### Task directions
Your answer must be an exact copy of the records below, minus the pictures.

▽

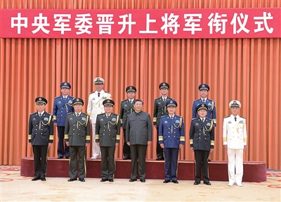 晋衔仪式在嘹亮的军歌声中结束。随后,习近平等领导同志同晋升上将军衔的军官合影。
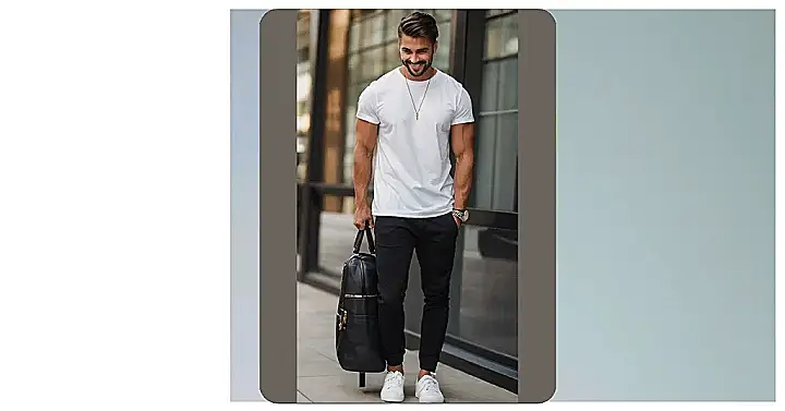 This guy’s rocking a classic men’s t-shirt outfit that’s perfect for just about anything! A simple grey t-shirt is the foundation, and he’s paired it with comfy black pants that have a cool gold stripe. It’s like he’s saying, “I’m ready for anything, from hanging with friends to hitting the gym.” He’s got a cool necklace and a watch too, showing he’s got style even when keeping it casual.
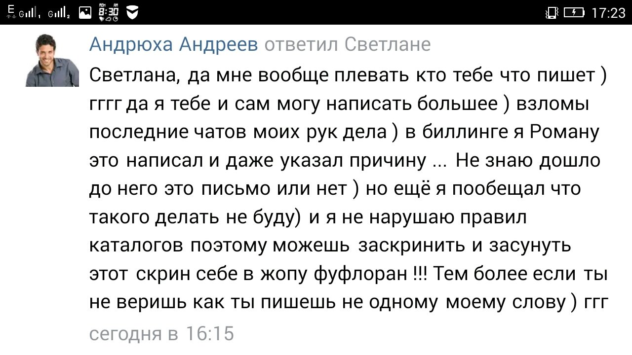 А это кто вообще с этим ником,Лиль прежде чем быть такой вспыльчивой надо разобраться,у меня много Недоброжелателей которые таким образом подставляют чат.....Мои адиины точно не будут рекламит на чатах....дай мне софт рекламщика я посмотрю у себя этого клоуна.....
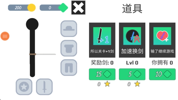 进入关卡后,点击画面右侧的按钮就能让火柴人的手臂摆动起来,等摆到合适的位置时松开右侧按钮,就能完成武器的投掷了。
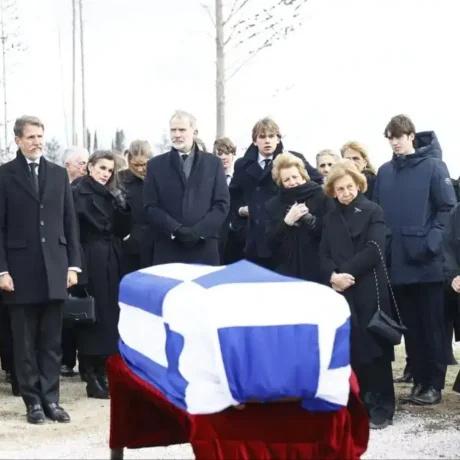 Η ισπανική βασιλική οικογένεια δημοσίευσε επίσημα φωτογραφίες από την ταφή, στις οποίες αποτυπώνεται η βασίλισσα Σοφία να αποχαιρετά σιωπηλά την αδελφή της και να κρατά την ελληνική σημαία που σκέπαζε το φέρετρο, εμφανώς συντετριμμένη, πλαισιωμένη από τα μέλη της οικογένειάς της.

△

### Task answer
 晋衔仪式在嘹亮的军歌声中结束。随后,习近平等领导同志同晋升上将军衔的军官合影。
 This guy’s rocking a classic men’s t-shirt outfit that’s perfect for just about anything! A simple grey t-shirt is the foundation, and he’s paired it with comfy black pants that have a cool gold stripe. It’s like he’s saying, “I’m ready for anything, from hanging with friends to hitting the gym.” He’s got a cool necklace and a watch too, showing he’s got style even when keeping it casual.
 А это кто вообще с этим ником,Лиль прежде чем быть такой вспыльчивой надо разобраться,у меня много Недоброжелателей которые таким образом подставляют чат.....Мои адиины точно не будут рекламит на чатах....дай мне софт рекламщика я посмотрю у себя этого клоуна.....
 进入关卡后,点击画面右侧的按钮就能让火柴人的手臂摆动起来,等摆到合适的位置时松开右侧按钮,就能完成武器的投掷了。
 Η ισπανική βασιλική οικογένεια δημοσίευσε επίσημα φωτογραφίες από την ταφή, στις οποίες αποτυπώνεται η βασίλισσα Σοφία να αποχαιρετά σιωπηλά την αδελφή της και να κρατά την ελληνική σημαία που σκέπαζε το φέρετρο, εμφανώς συντετριμμένη, πλαισιωμένη από τα μέλη της οικογένειάς της.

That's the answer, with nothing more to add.